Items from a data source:
┄┄┄┄┄┄┄┄┄┄┄┄┄┄┄┄┄┄┄┄

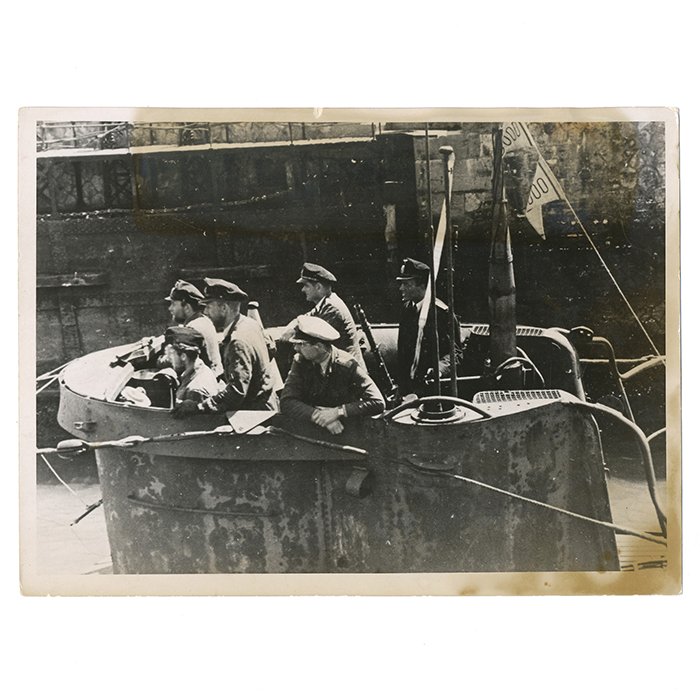 Original press photo, RKT Korvettenkapitän von Forstner and crew returning from patrol, dated 2.7.1943, photo depicts subject with crew in conning tower returing to port, typed caption with ink stampings on reverse, brown stains to the edges, USD $65 SOLD
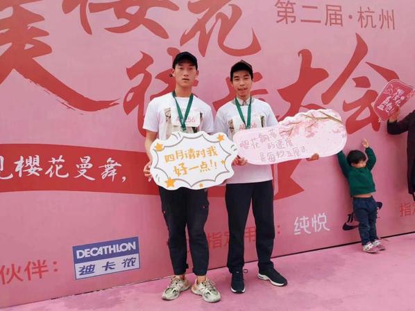 王同汉(右一)参加杭州徒步大赛
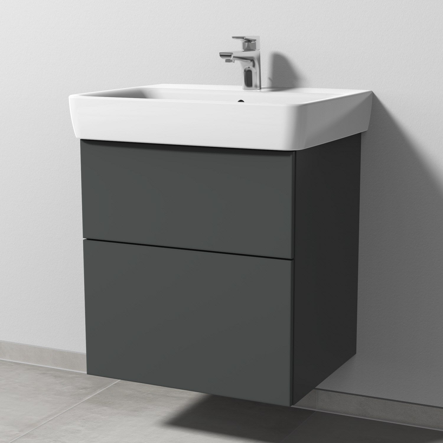 Sanipa 3way Waschtischunterbau für Keramik-Waschtisch Renova Plan 60 cm, 2 Auszüge mit Push to open
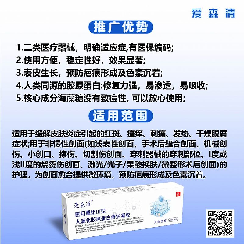 | 產(chǎn)品賣點(diǎn) | 皮膚修復(fù)消炎、表皮生長傷口護(hù)理、正規(guī)二類器械批文、一區(qū)一碼,嚴(yán)格控銷,臨床驗(yàn)證,市場高度認(rèn)可。 1.二類批文,國家藥監(jiān)局批準(zhǔn),可刷醫(yī)保; 2.屬于功效型產(chǎn)品,有輔助治療和修復(fù)作用,預(yù)防疤痕形成及色素沉著; 3使用方便,穩(wěn)定性好,效果**; 4核心成分海藻糖沒有致痘性,比較安心,可以放心使用,對(duì)于孕婦可用; 5配方選用人類同源的膠原蛋白:修復(fù)力強(qiáng),易滲透,易吸收;控銷; |
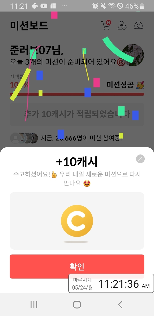 미션보드 매일 3만 주더니 10캐시 나와서 놀람요 ㅋ 소소한 기쁨이네요^^행복한 월욜 되세요 ^^
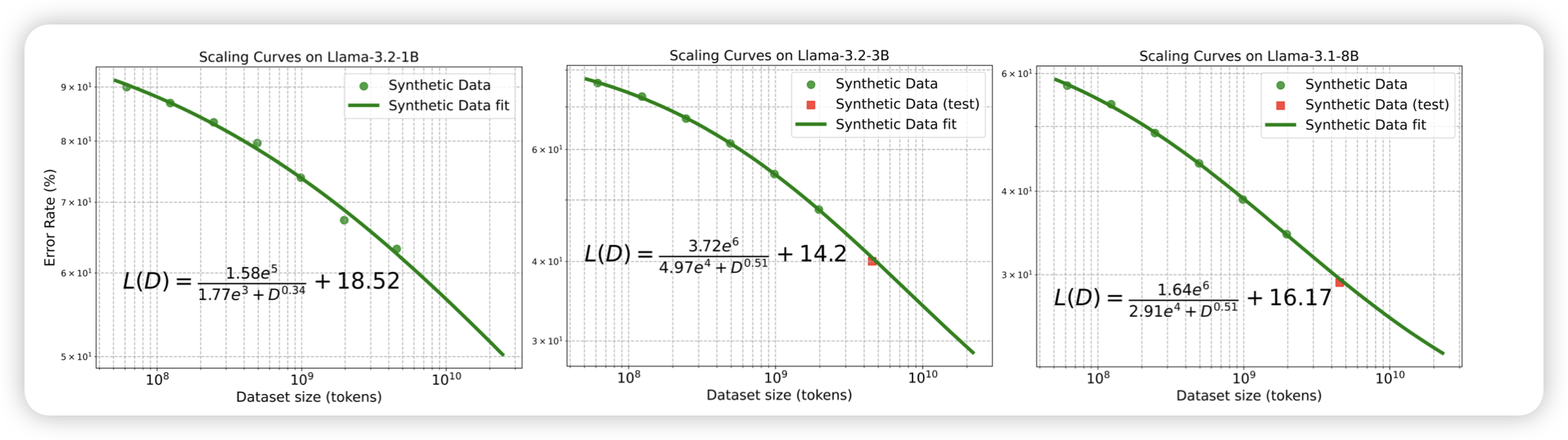 最近蛮少见scaling law的工作了,可能是都被公司挖走默默搞去了。作者研究的问题是,模型在合成数据上训练,效果什么时候会收敛?大致结论是,合成数据的效果收益来源于另一个scaling 曲线,看起来更平缓。然后越大的模型,需要越多的合成数据
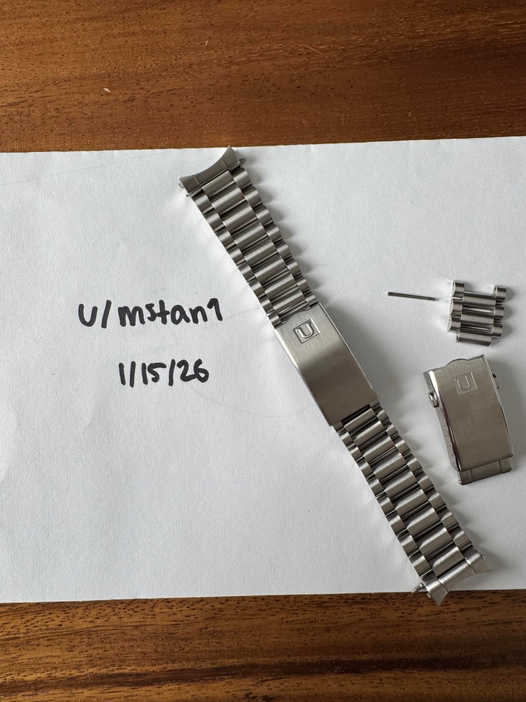 For sale is an Uncle Straps US 1450 Bracelt for the Omega Aqua Terra in great condition. This bracelet is for the 38mm Aqua Terra model and comes with the push button clasp (although I was never able to get this clasp on the bracelet itself). Bracelet was purchased direct from Uncle Straps last year and has only been worn on the watch a few times. Price: $65.00 (Includes fully insured shipping to CONUS) Payment: Zelle or PayPal preferred. No Trades

┄┄┄┄┄┄┄┄┄┄┄┄┄┄┄┄┄┄┄┄

Problem to work on: Your answer must be the lines from the one containing "미션보드 매일 3만 주더니" through the last line of the records, printed exactly with no pictures; please include both ends.

Answer box:
 미션보드 매일 3만 주더니 10캐시 나와서 놀람요 ㅋ 소소한 기쁨이네요^^행복한 월욜 되세요 ^^
 最近蛮少见scaling law的工作了,可能是都被公司挖走默默搞去了。作者研究的问题是,模型在合成数据上训练,效果什么时候会收敛?大致结论是,合成数据的效果收益来源于另一个scaling 曲线,看起来更平缓。然后越大的模型,需要越多的合成数据
 For sale is an Uncle Straps US 1450 Bracelt for the Omega Aqua Terra in great condition. This bracelet is for the 38mm Aqua Terra model and comes with the push button clasp (although I was never able to get this clasp on the bracelet itself). Bracelet was purchased direct from Uncle Straps last year and has only been worn on the watch a few times. Price: $65.00 (Includes fully insured shipping to CONUS) Payment: Zelle or PayPal preferred. No Trades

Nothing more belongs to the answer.